May 12 2022 07:05 AM
May 12 2022 07:05 AM
Written by Trent Norris, HLS Cloud and Data Partner Alliances
The healthcare industry has come a long way from putting pen to paper on a pharmacy script or clinical SOAP note to now, being able to deliver primary care in the emerging hospital at home. My career in the healthcare and life sciences (HLS) industry has spanned different roles including: a military clinician, life science entrepreneur, clinical research application scientist, and business leader. Currently, I head the Partner Alliances team for Microsoft’s global health and Life sciences Cloud and Data engineering and product group. Today, I consider myself an HLS generalist bridging the gap between engineering and the application of it in the wild. I look forward to continuing to listen to the needs, implement solutions, and partner with others to bring forward meaningful change in healthcare.

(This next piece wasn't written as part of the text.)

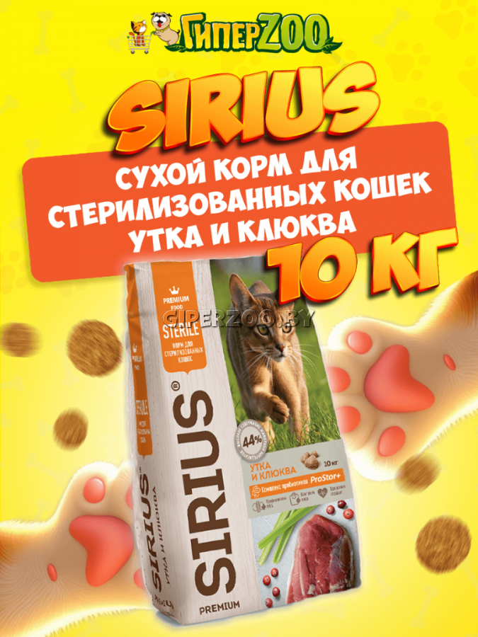 SIRIUS для стерилизованных кошек (Утка, клюква) — сухой корм премиум класса для полноценного ежедневного рациона стерилизованных кошек.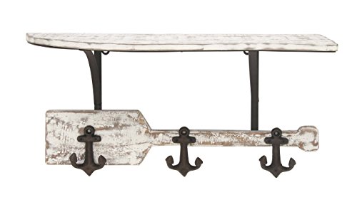 Deco 79 84227 Fir Wood and Iron Wall Shelf with Three Hooks, White/Black

Last month, we launched Azure Health Data Services, a platform as a service (PaaS) offering designed exclusively to support Protected Health Information (PHI) in the cloud, built on the global open standards Fast Healthcare Interoperability Resources (FHIR)® and Digital Imaging Communications in Medicine (DICOM). Watching the team work to develop this product, I feel compelled to share how intentional our product team is at building healthcare technologies for an industry that is currently experiencing historically unprecedented transformation. We are deploying technology that can ingest, transform, and persist data, allowing our customers to use their data to span workflows from discovery research to clinical end points.1 The underlying technology enables our customers to engage in activities ranging from novel biomarker identification to virtual clinical decision support. For example, today our customers can combine cellular assay data, pathology data, molecular imaging, genomics, handwritten, voice, and text derived notes. With so much data, the goal is to enable our customers to derive insights from a single system of record, so that they can optimize the user experience for patient, research and clinical workflows so that adherence to treatment increases, scientists gain faster contextual evidence to support their early discoveries and clinicians can spend more time focused on delivering healthcare without experiencing burnout and information overload. The bottom line is, when you can bring these data sets together in a meaningful way, you inherently increase your signal to noise ratio since you are no longer looking for a needle in a haystack; you are looking for a book in a library.